The EPOS research and development teams are working on solutions that are designed for hybrid workforces. Hybrid workers require versatile and dynamic collaboration solutions that can keep pace with working styles, and for business leaders, it means investing in solutions that can stand the test of time.
As part of any hybrid working strategy, business and IT decision-makers need to invest in technology and collaboration solutions that marry up to worker needs. Ultimately this means optimising performance and minimising sub-par audio experiences.
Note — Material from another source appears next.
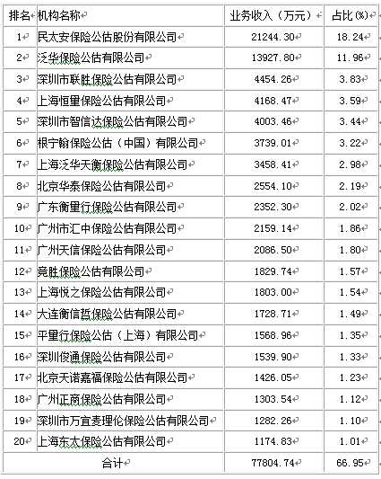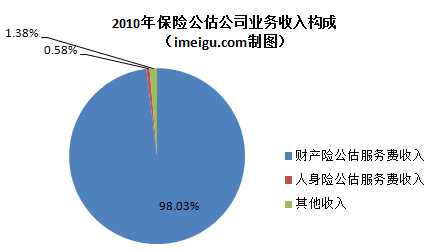 保险公估公司实现业务收入11.62亿元,同比增长2.74%。实现财产险公估服务费收入11.31亿元,其中在2010年财产险公估费收入中,机动车辆险6.31亿元,企业财产险2.31亿元,家庭财产保险315.71万元,货运、船舶险1.47亿元,工程险8070万元。人身险公估服务费收入约607.51万元,其他收入1595.98万元。保险公估公司实现净利润0.45亿元,同比增长18.42%,占保险专业中介机构全部净利润的5.52%。

With so many solutions on the market, decision-makers need to make sure they are investing in equipment that features future-proofing technologies like active noise cancellation or AI for enhanced voice pick up.
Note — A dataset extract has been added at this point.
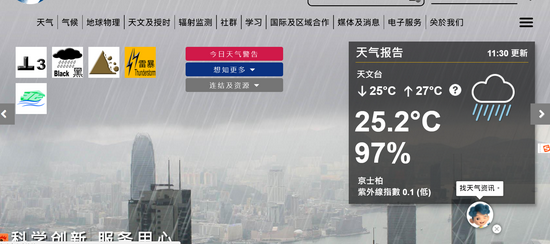 据香港天文台:上午11时45分改发黑色暴雨警告信号。在狮子山与东北季候风共同影响下,华南沿岸普遍吹强风,离岸及高地间中吹烈风。三号强风信号会在今日下午至今晚晚间维持。

While it may be tempting to choose cheaper collaboration tools at a time where budgets are constrained, this is often a false economy – one that causes a drop in efficiency and risks equipment needing to be replaced quickly.
Re-defining what productivity means
In the pre-pandemic world, productivity felt definable. There simply was no question about where work could get done and how we could collaborate with colleagues. But the hybrid world is different, and in a changed world we cannot apply the same frameworks to codify how we work and live – the shift to hybrid necessitates a more expansive definition of productivity. Therefore, there is both a need and an opportunity for businesses to become more intentional by re-evaluating what productivity means and where and when it happens.
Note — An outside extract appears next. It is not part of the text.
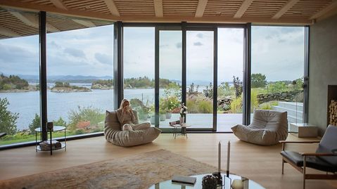 Auf die Frage, was sie in ihrem Zuhause am meisten genießt, sagt Bauherrin Merete: „Das Licht, das wechselhafte Wetter, mit den Jahreszeiten zu wohnen. Aufzuwachen und aufs Meer zu schauen, es draußen stürmen und regnen zu hören, aus dem Regen hereinzukommen, die Tür hinter mir zu schließen und zu sagen: Endlich wieder Zuhause.“

Businesses have now built high levels of trust with their employees and hybrid work models have boosted productivity and performance. By empowering employees through a truly hybrid model, one that entrusts employees to manage their time and ways of working using collaborative technology – new levels of productivity are made possible. But productivity isn’t just about getting as much as you can out of each day. It’s about achieving the work you have set out to accomplish.
The correlation between hybrid working and improved companies’ performance has been well documented, and it can sometimes be tempting to equate higher levels of employee activity with business success. But to adopt this thinking risks overlooking the factors conducive to longer-term innovation. Re-defining productivity in the hybrid era comes down to assessing individual business compromises between the following: individual wellbeing, work styles, business needs and the culture and social connections of an organization that can spur innovation.
Leading from the top
Redefining a company’s culture is a complex task. From a day-to-day perspective, it is important for business leaders to define a hybrid strategy that has clear and intentional tactics for employees creating greater balance between work and life and encouraging people to connect by coming together at physical sites to get the social and cultural interaction they crave.
In the longer-term, it also means investing in collaboration solutions that enable hybrid strategies to succeed, particularly as more and more businesses recruit talent across a more geographically diverse network. That’s why business leaders need to be intentional when it comes to equipping workforces with collaboration solutions for hybrid working, this means tailoring tech solutions to the specific requirements of a role as well as individual preference.
But despite the ways in which technology has changed the workplace, it is not a substitute for leadership and culture. Leaders today face the challenge of harnessing the capabilities of technology while retaining a sense of culture and community that can keep employees engaged and motivated for the long term.
Business leaders who can deliver on this type of hybrid strategy will be well positioned to secure future talent as it enters the workforce by offering flexible work, well-connected technology solutions and meaningful cultural experiences.